Attorney General David Eby is asking for Liberal leader Andrew Wilkinson’s help to obtain agreement of the previous government to waive cabinet privilege on documents related to money laundering.
In a letter sent to Wilkinson on Friday, Eby suggested the documents would help stop criminal activities at casinos.
“The information found in these documents would contribute to our efforts in finding ways to comprehensively end such criminal practices in BC casinos and throughout BC’s economy though avoiding failed measures already attempted by previous administrations,” the letter said.
“I can commit, on behalf of the government, that information from these documents would remain confidential.”
The German report, which was compiled by investigator Peter German, was commissioned by the current government to understand how far money laundering had spread in B.C. casinos.
LISTEN: Attorney General David Eby explains his request to the BC Liberals
German found widespread money laundering in gambling facilities and also suggested that criminal activity could be taking place in the real estate market, at horse tracks and in the luxury car market.
Eby said the documents would help to implement the German report’s recommendations.
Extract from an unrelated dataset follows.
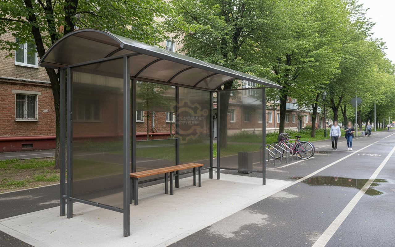 • Каркас крыши - стальные профильные трубы. Крыша имеет скругленную форму.

“It is our government’s desire to continue to aggressively pursue measures to counter money laundering, but to do so in a manner that does not duplicate unsuccessful efforts from previous governments,” reads the letter.
In an interview with CKNW’s Simi Sara, Eby said he expects the Liberals to turn the documents over but isn’t sure how helpful they will be.
“We don’t know what exists on gambling. To be totally blunt I don’t think anything useful exists,” said Eby
“If they don’t consent I suspect the reality is there is nothing there and they are quite embarrassed by it. I do have a hard time imagining they won’t consent.”
The government could pass a law requiring the documents to be turned over but Eby says it should not have to come to that.
“We could certainly pass a law that would hopefully give us access to this. But there is a constitutional principal around cabinet confidence, around people in cabinet being able to have open debates in a confidential way and we respect that convention. But in this regard it would be really useful to have that information,” said Eby.
Wilkinson is unavailable for comment today because he is travelling. Opposition House Leader Mary Polak released a statement calling this an ‘example of the Attorney General playing politics with a serious issue’.
“His request to release confidential cabinet documents, which was released to media before the opposition had an opportunity to review, will be given the consideration it deserves. A formal response will be made in due course and provided in writing,” said Polak.
“Instead of playing games with confidential cabinet documents, the Attorney General should focus on implementing the recommendations from the German Report and pursuing charges against those who have broken the law.”
The previous government has been widely criticized for a lack of action in cracking down on money laundering in casinos.
The former head of B.C.’s Integrated Illegal Gambling Enforcement Team (IIGET) said the Liberals didn’t crack down on money laundering in casinos because they didn’t want to disrupt the flow of money.
Fred Pinnock said the previous government were well aware of what was happening in casinos.
“Fault lies at the feet of the BC Liberals while they were in government and senior management of the RCMP in this province,” said Pinnock.
“They all knew what was going on in those casinos and racetracks. Primarily casinos, in particular, the big ones. It was wild west in those large casinos where organized criminal activity was running amok.”
LISTEN: B.C. attorney general asks BC Liberals to waive cabinet privilege on money laundering documents
Former solicitor general Rich Coleman has rejected the idea that his government was “addicted” to the casino profits.
He also rejected the notion that the government held any influence over B.C. RCMP decision-making because of the pending renewal of the provincial policing contract. The contract was ultimately renewed by the former government.
WATCH HERE: Extended interview: Former head of B.C.’s illegal gambling enforcement team had raised concerns
In responding to Pinnock’s accusations on behalf of the former government, Coleman said he was comfortable with the way he acted while in charge of the gaming file.
“The reality is what he is saying is inflammatory and it isn’t correct,” said Coleman. “The reality is that no one interfered with his ability to do his job from a political perspective.”
The Joint Integrated Gaming Investigation Team was established under the Liberals’ watch in 2015, after widespread reporting on money laundering in casinos.
That team was responsible for dealing with organized crime and money laundering such facilities.
The German report noted that the team’s establishment led to a 60-per-cent dropoff in the number of suspicious transactions reported at casinos.
German interviewed Coleman for the report and concluded that there were significant impacts from the decision to rid the province of IIGET in 2009.
“The loss of IIGET meant that the future rise of loan sharking, money laundering and organized crime in casinos, let alone illegal gaming outside of casinos, remained primarily with (BC Lottery Corp. and Gaming Policy and Enforcement Branch) to sort out,” German’s report said.